The results show how difficult it is for youth parties to convert street enthusiasm into votes in the elections held after the fall of Sheikh Hasina's government in a mass movement led by Gen-G or Generation Z. This information has emerged in a Reuters report.
In Bangladesh's election, the National Citizens Party (NCP), formed by young people, won only 6 seats in the 300-seat parliament. In contrast, voters chose the long-established Bangladesh Nationalist Party (BNP). The party has governed the country three times, its last term was from 2001-2006.
A sense of distrust due to alliances
Many NCP supporters say that the NCP was effectively eliminated from the race because of its alliance in December with another long-standing political force, the Bangladesh Jamaat-e-Islami, known as an Islamist party.
Initially, the party planned to field candidates in 300 seats, but ultimately contested only 30 seats under the alliance. The NCP claims that it joined the alliance because it felt the support of a bigger force was needed after a coup leader was killed in Dhaka.
However, according to analysts, the NCP has failed to build enough public support before the elections.
Sohanur Rahman, a 23-year-old university student, said that the NCP could not fulfill the hopes and aspirations of the people after the 2024 coup.
He said that the NCP's alliance with Jamaat seemed like a big betrayal to many young voters like us, so we have decided not to support them.
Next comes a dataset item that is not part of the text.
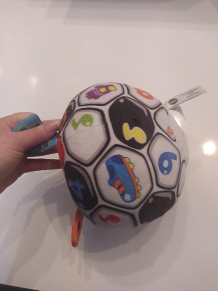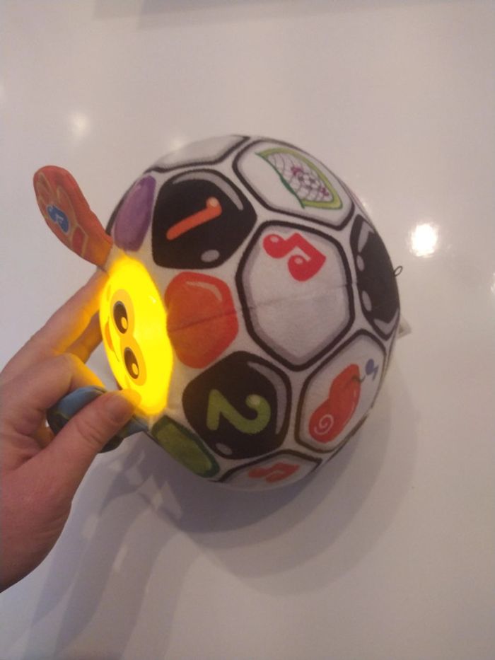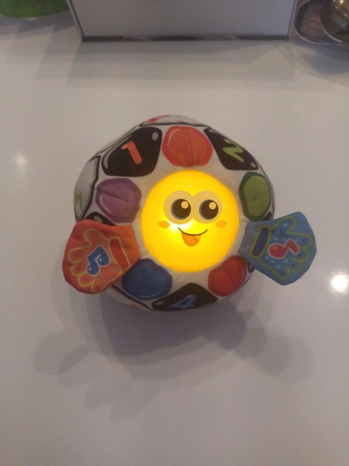 Ballon musiques, phrases, lumière, bruit de sifflet Très bon état général Emplacement au niveau des piles légèrement taché (voir photo) Vendu sans pile car je n utilise que du rechargeable mais chaque jouet est testé avant envoi Retrouvez les jouets ici --> #celikyljouets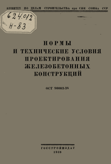 Нормы и технические условия проектирования железобетонных конструкций. ОСТ 90003—38.

One of the six NCP winners in this election is 32-year-old lawyer and party joint secretary Abdullah Al Amin. He said that his party had hoped to win more seats. He claims that they lost in many seats by very small margins.
Abdullah Al Amin said the NCP won these seats because of its alliance with Jamaat. But Shakil Ahmed, a professor of government and politics at Jahangirnagar University, said the alliance had alienated young voters who had wanted to see a whole new political class emerge after Sheikh Hasina's fall.
NCP spokesman Asif Mahmud said the party would reconstitute itself from the opposition camp and focus on local government elections due in a year.
Reuters reported that NCP chief Nahid Islam had said in December that the party had not had enough time to regroup. Lack of funding and an unclear stance on key issues such as women's and minority rights have also held the party back.
A notable loser among the young candidates in this election was 31-year-old doctor Tasneem Zara. She left the NCP in December to contest as an independent candidate from Dhaka in protest against the alliance.
Zara won more than 44,000 votes but lost by a large margin to the BNP candidate. "We have shown that it is possible to win people's hearts with a clean and honest campaign," he said. "But our limitations have also become clear."
The number of votes received has given me hope and Zara said she would not return to the medical profession in Britain. "Our best days are still ahead," she said.